Ulewne deszcze doprowadziły do katastrofalnej sytuacji w Katalonii. Państwowa agencja meteorologiczna AEMET ogłosiła czerwony alarm pogodowy dla Barcelony oraz ostrzeżenia dla sąsiednich prowincji.
Na lotnisku El Prat w poniedziałek odwołano kilkadziesiąt lotów, a pociągi podmiejskie przestały kursować. Zalanie tunelu spowodowało również zawieszenie połączenia kolejowego między Barceloną a Tarragoną.
Dalsza część artykułu pod materiałem wideo
W prowincji Walencja sytuacja jest wyjątkowo dramatyczna. Liczba ofiar śmiertelnych przekroczyła tam 200 osób, a poszukiwania zaginionych nadal trwają. Policja poinformowała, że dotychczas nie znaleziono żadnych ciał w podziemnym parkingu centrum handlowego Bonaire w Aldai.
Mieszkańcy zarzucają władzom brak odpowiednich ostrzeżeń przed burzami oraz opieszałość w reakcji na katastrofę.
Ratownicy, wojsko, wolontariusze i para królewska
Akcje ratunkowe prowadzone są przez służby ratunkowe, wojsko i tysiące wolontariuszy. Ministerstwo Obrony poinformowało o rozmieszczeniu w Walencji 7,5 tysiąca żołnierzy.
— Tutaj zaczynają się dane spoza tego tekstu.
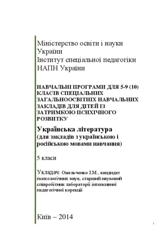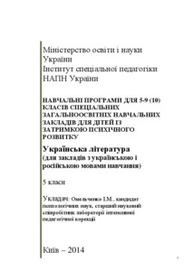 Зміст навчальної програми побудовано відповідно до вимог Державного стандарту базової і повної загальної середньої освіти та укладено на основі адаптації державних вимог до загальноосвітньої підготовки учнів із затримкою психічного розвитку. Упровадження навчальної програми забезпечить розширення можливостей розвитку мовленнєвої і читацької культури, комунікативної та літературної компетентності, гуманістичного світогляду в учнів 5 класів із затримкою психічного розвитку шляхом запровадження оновленого змісту курсу з «Української літератури». Для вчителів, які навчають дітей 5 класів спеціальних загальноосвітніх навчальних закладів для дітей із затримкою психічного розвитку.
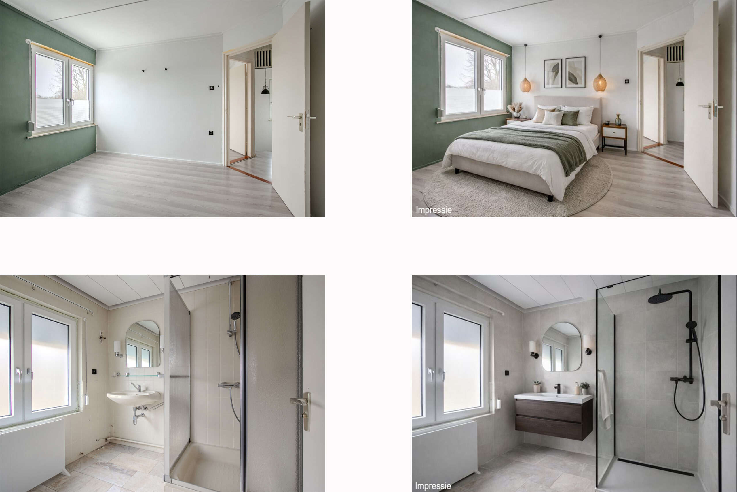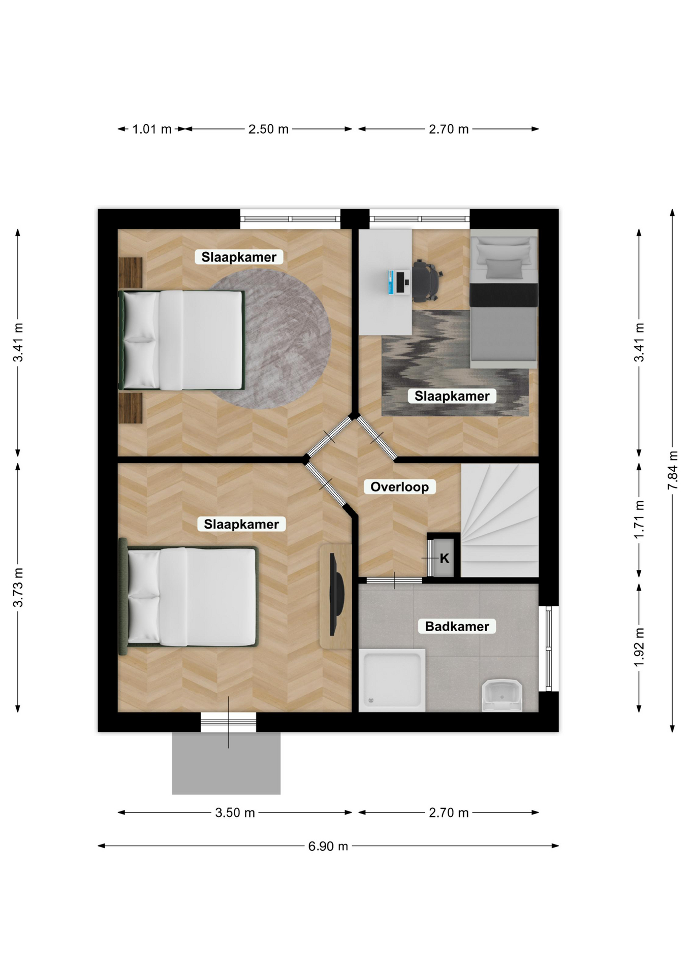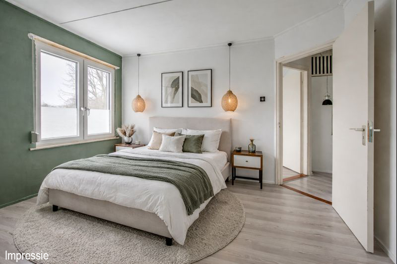 Overloop met toegang tot drie slaapkamers. Alle slaapkamers zijn afgewerkt met een lichte laminaatvloer en voorzien van handmatig bedienbare rolluiken. De afmetingen zijn respectievelijk:

Do regionu przybył okręt marynarki wojennej Galicia z setką żołnierzy piechoty morskiej, sprzętem i żywnością.
Król Filip VI wraz z królową Letycją odwiedzili dotknięte powodziami tereny, okazując wsparcie poszkodowanym. Ich wizyta spotkała się jednak z protestami mieszkańców, którzy obwiniają władze za niedostateczną pomoc.
Premier Pedro Sanchez, towarzyszący parze królewskiej, opuścił miejsce po wybuchu protestów. "Mamy króla i królową, którzy są w stanie stawić czoła najtrudniejszym wyzwaniom, i premiera, który im nie dorównuje" – komentuje dziennik "El Mundo".
Co było przyczyną powodzi w Hiszpanii? Eksperci wskazują na pewne zjawisko
Eksperci wskazują, że przyczyną gwałtownych powodzi jest zjawisko DANA (depresión aislada en niveles altos), powstające, gdy zimne powietrze napotyka ciepłe i wilgotne masy nad Morzem Śródziemnym. Intensywność tego zjawiska nasilają zmiany klimatyczne oraz niewłaściwe zagospodarowanie terenów zalewowych w Walencji.
Polska Agencja Prasowa (PAP) informuje, że Ministerstwo Pracy zakazało zwalniania pracowników, którzy nie mogli stawić się w pracy z powodu skutków kataklizmu. Szef regionalnego rządu Walencji, Carlos Mazon, zaapelował o szczepienia przeciwko tężcowi dla osób pracujących przy usuwaniu skutków powodzi.
Hiszpanie rozczarowani władzami kraju
Planowana na poniedziałek wizyta pary królewskiej w Chivie została odwołana po niedzielnych wydarzeniach, choć media zapowiadają ich powrót do prowincji w najbliższych dniach.
Rozczarowanie mieszkańców postawą władz narasta, a oskarżenia dotyczą braku odpowiednich ostrzeżeń przed burzami i powodziami oraz opóźnionej reakcji na tragedię.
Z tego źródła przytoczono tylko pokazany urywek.